§ RECORDS TO PROCESS
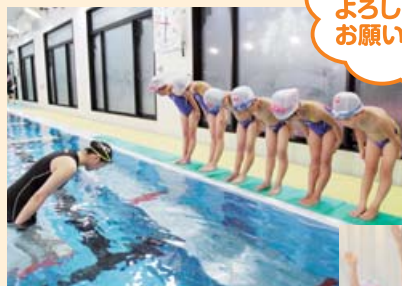
しつけ、マナー指導も充実!
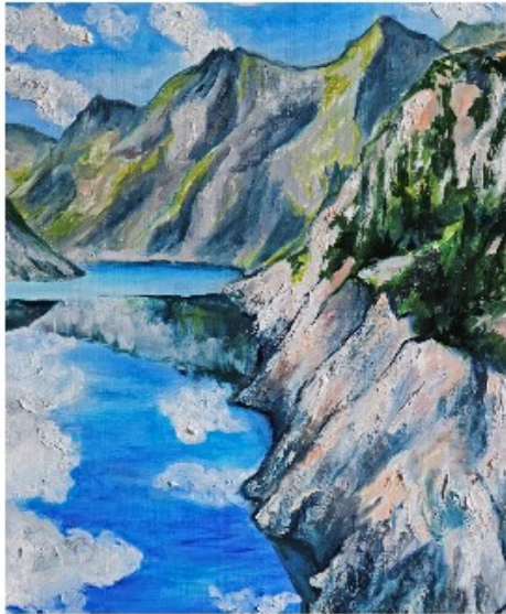
Lac d'Orédon, 2021
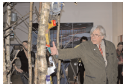
Bazon Brock, »Lustmarsch durchs Theoriegelände / Kontrafakte. Karfreitagsphilosophie – Der Faschist als Demokrat«, ZKM | Zentrum für Kunst und Medientechnologie

PERFORMANCE MO 22.5. 16.00 Demonstrationsumzug zum Thema »Gott und der Müll« von der kestnergesellschaft in die Hannoveraner Innenstadt
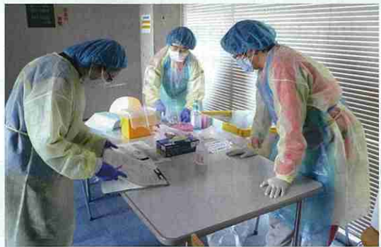
税務大学校における医療活動

皆様のご支援により、大規模災害に備えるための救護装備を整備することができました。また、被災者にお届けする救援物資を、県内9か所にある支部拠点倉庫に備蓄しています。
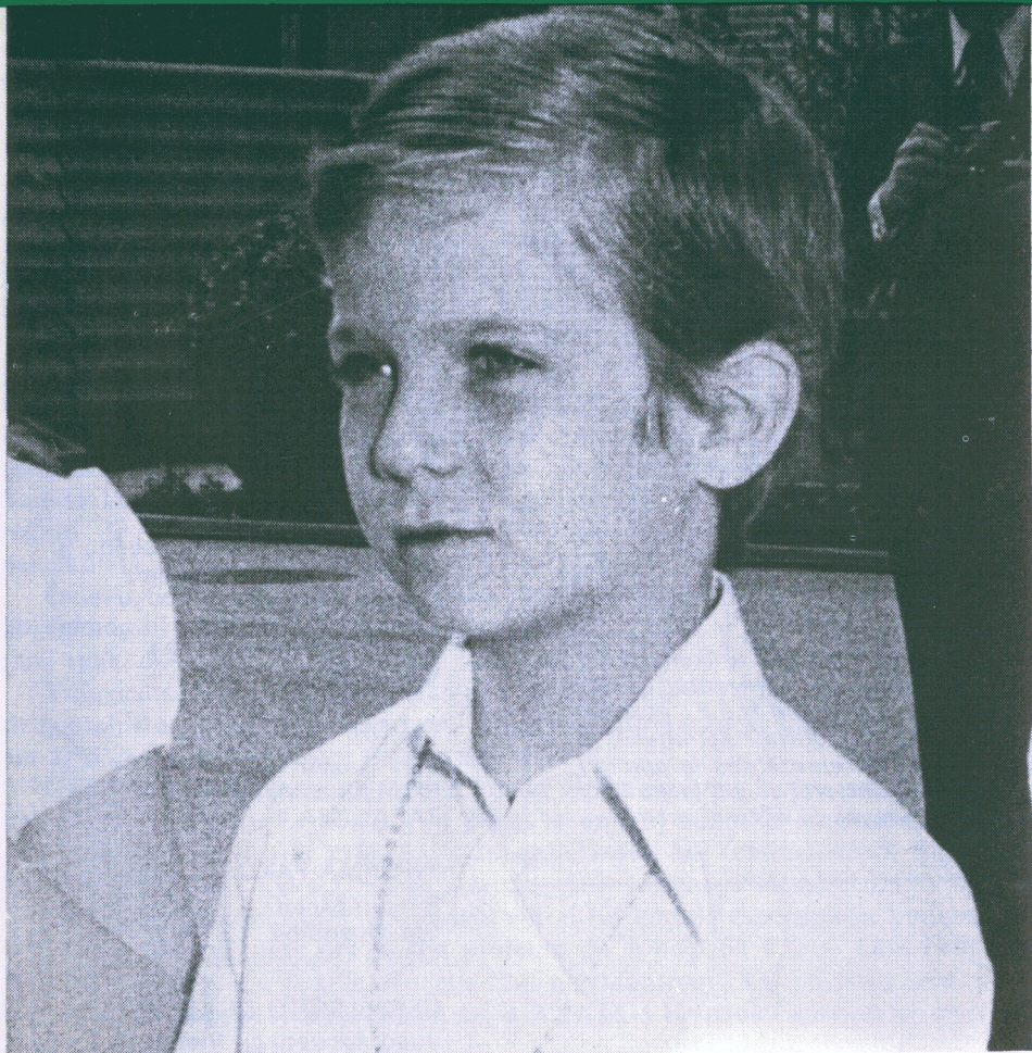
La Princo de Asturias D. Felipe de Borbón y Grecia HONORA PREZIDANTO de la 39-A HISPANA KONGRESO DE ESPERANTO
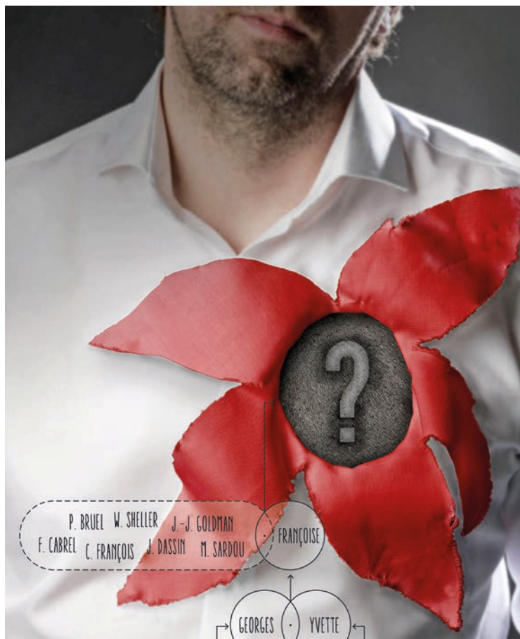
Un spectacle à la fois grave et léger comme un karaoké.

«C'est ce que j'appelle de la bio-fiction. Je me suis inspirée de ma vie,
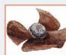
ใบพัดเป็นสนิม
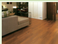
▲高耐久メラミンフロアー一例 「エレガントオーセンティック」
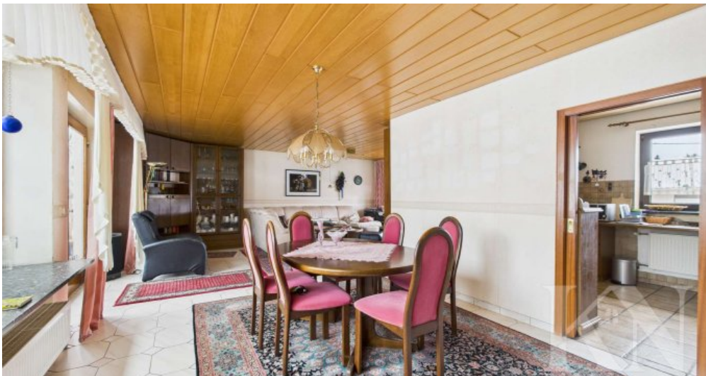
OG Wohn- und Esszimmer
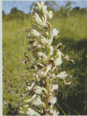
Bocks-Riemenzunge Himantoglossum hircinum
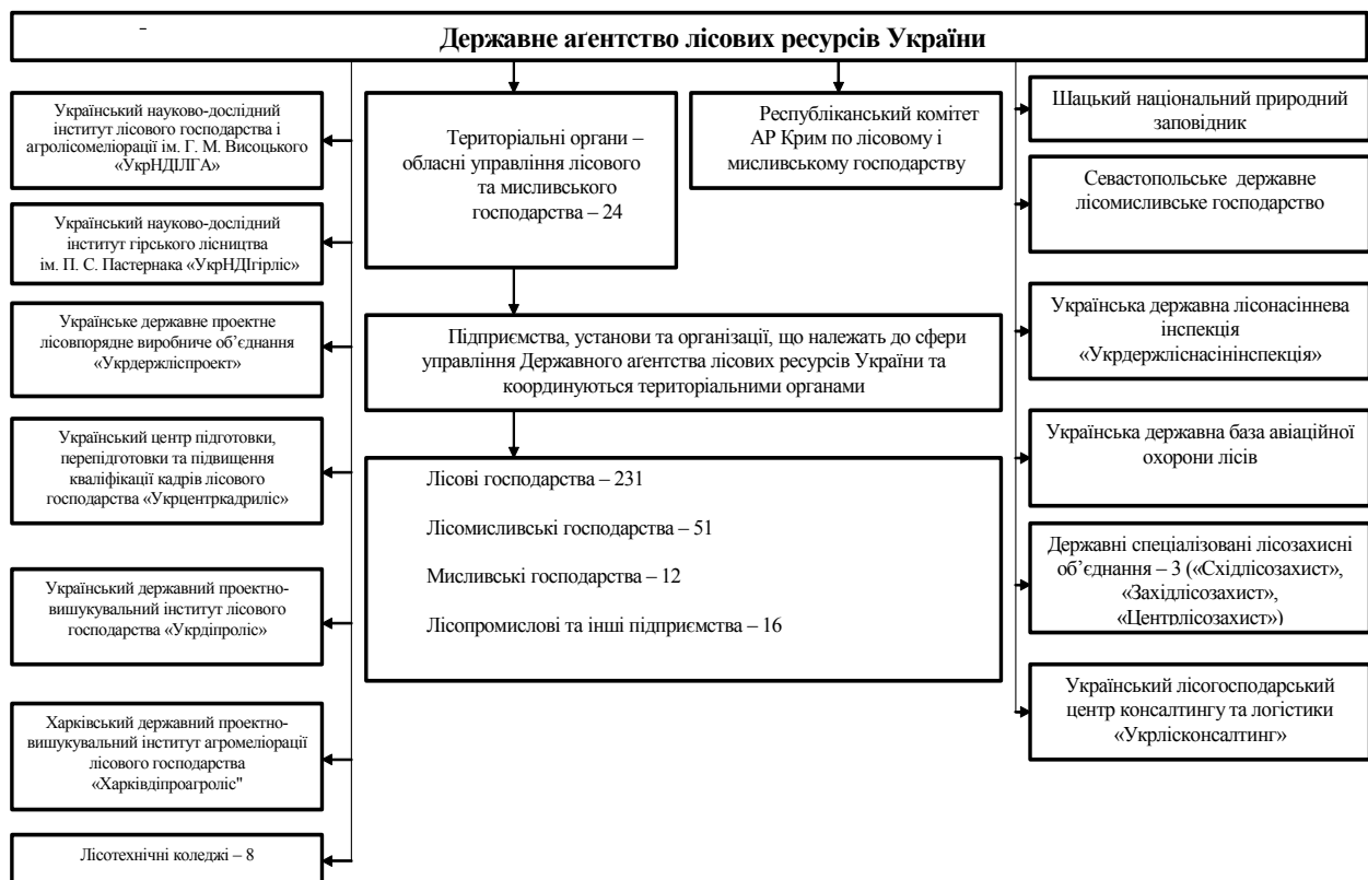
Рис. 1. Схема управління Державного агентства лісових ресурсів України

З схеми видно, що в галузі лісового господарства немає центрів, котрі займалися б інноваційним розвитком галузі; представлено лише кілька інститутів, які займаються науковою діяльністю всеукраїнського, а не регіонального значення.
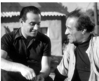
1942 FIÈVRES de Jean Delannoy avec Tino Rossi
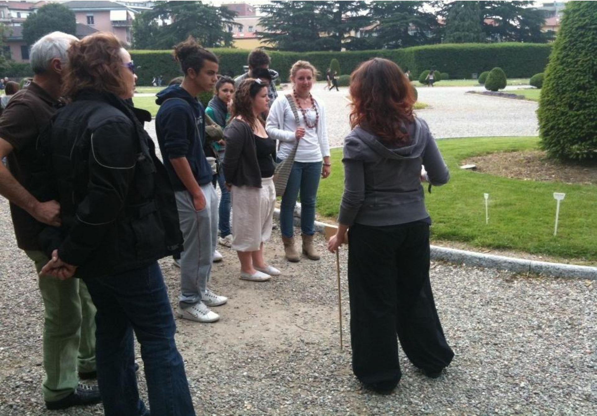
Visite Guidate a Semine d'arte in Art Day del Liceo Artistico Frattini, 2012, Varese
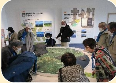
視察研修旅行の様子
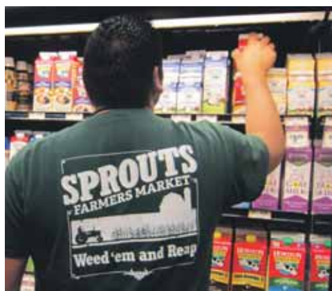
De oude tractor en landbewerking komen zelfs terug op de kleding van de medewerkers.

waaronder ook het deel van het vroegere Henry's Marketplace-vestigingen, aan Smart & Final, een zelfbedieningsgroothandel voor consumenten en detailhandelaars, zoals Costco en Sam's Club (van Walmart). Maar, hupsakee: Smart & Final wordt in datzelfde jaar onderdeel van Apollo, een van de grootste investeringsmaatschappijen van de VS. De Boney-familieleden die dan nog met Sprouts in de weer zijn, gaan in 2011 ook met Apollo en diens investering Smart & Final in zee. Apollo/Smart & Final krijgt een meerderheidsbelang in Sprouts, in ruil voor meer uitbreidingskansen. En waar bestaan die uit? Sprouts krijgt de verzameling van 43 Henry's Marketplace-vestigingen erbij. Die zijn dan nog steeds niet tot Smart & Final omgebouwd. En deze verschuiving is ook een opmerkelijke terugkeer van Henry's tot de familie Boney zelf, die al weer een formule verder waren, met Sprouts immers. Smart & Final en Apollo doen nog meer. Smart & Final stopt met een net daarvoor gestarte operatie in Colorado, een zb-groothandelsformule met meer vers. Of die heeft het dan slecht gedaan, of Smart & Final doet dat als onderdeel van deze deal, dat blijft onduidelijk. Smart & Final en Apollo doen meer: er is ook nog Sun Harvest Markets, ook in
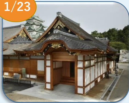
名古屋城本丸御殿（中区）
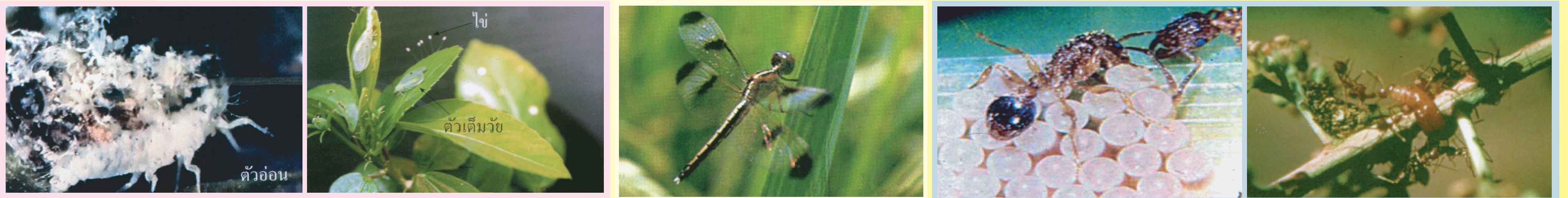
แมลงข้างปีกใส ตัวอ่อนกัดและดูดกินแมลงศัตรูพืช เช่น เพลี้ยอ่อน แมลงหรีขาว หนอนขนาดเล็ก
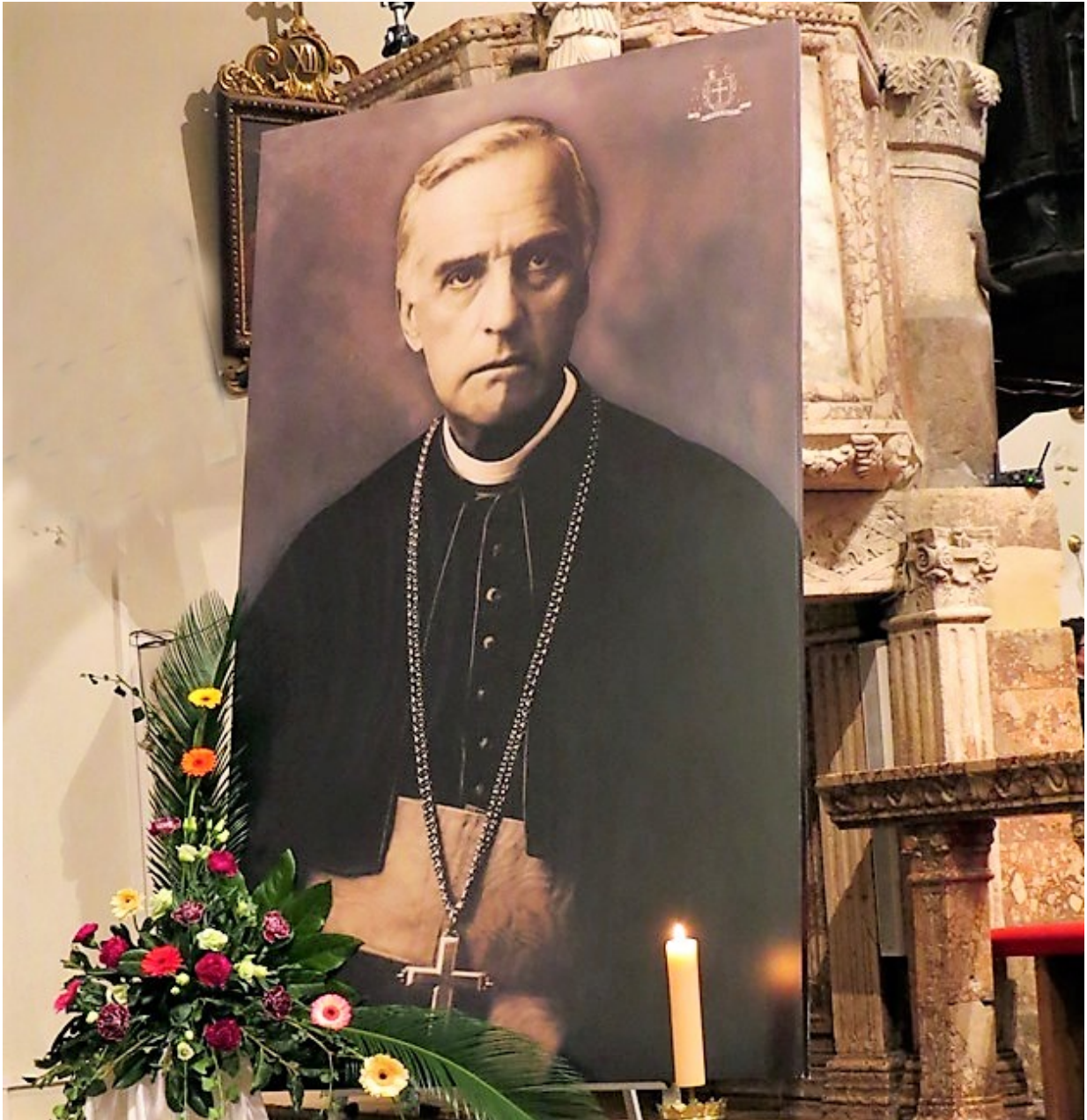
Ove godine obilježava se stota obljetnica smrti krčkog biskupa Antuna Mahnićća

Ove godine obilježavamo stotu obljetnicu smrti velikog krčkog biskupa, utemeljitelja i organizatora Hrvatskog katoličkog pokreta - Antuna Mahnićća. On je već na prijelazu iz 19. u 20. stoljeće dobro pročitao kakvu opasnost svijetu donosi liberalizam. On je poticao razvoj relativizma u odnosu prema svim kršćanskim i humanističkim zasadama, pa i prema istini. Liberalizam lako mijenja kapute pa jednom uzme komunistički, jednom fašistički, jednom jugoslavenski, jednom bez zastave, ali vodi prema relativizaciji kršćanskih zasada, a kako u novije vrijeme vidimo (rodna ideologija) i ljudskih zasada. Bilo bi korisno kad bi ova Mahniććeva obljetnica pokrenula prečitavanje Mahniććevog spisateljskog djela o liberalizmu.

§ WHAT IS NEEDED
Pictures are to be left out. Write out only the lines above starting at the one with "PERFORMANCE MO 22.5." and ending at the one with "De oude tractor", both lines included, exactly.

§ REPLY TO THE TASK
PERFORMANCE MO 22.5. 16.00 Demonstrationsumzug zum Thema »Gott und der Müll« von der kestnergesellschaft in die Hannoveraner Innenstadt
税務大学校における医療活動

皆様のご支援により、大規模災害に備えるための救護装備を整備することができました。また、被災者にお届けする救援物資を、県内9か所にある支部拠点倉庫に備蓄しています。
La Princo de Asturias D. Felipe de Borbón y Grecia HONORA PREZIDANTO de la 39-A HISPANA KONGRESO DE ESPERANTO
Un spectacle à la fois grave et léger comme un karaoké.

«C'est ce que j'appelle de la bio-fiction. Je me suis inspirée de ma vie,
ใบพัดเป็นสนิม
▲高耐久メラミンフロアー一例 「エレガントオーセンティック」
OG Wohn- und Esszimmer
Bocks-Riemenzunge Himantoglossum hircinum
Рис. 1. Схема управління Державного агентства лісових ресурсів України

З схеми видно, що в галузі лісового господарства немає центрів, котрі займалися б інноваційним розвитком галузі; представлено лише кілька інститутів, які займаються науковою діяльністю всеукраїнського, а не регіонального значення.
1942 FIÈVRES de Jean Delannoy avec Tino Rossi
Visite Guidate a Semine d'arte in Art Day del Liceo Artistico Frattini, 2012, Varese
視察研修旅行の様子
De oude tractor en landbewerking komen zelfs terug op de kleding van de medewerkers.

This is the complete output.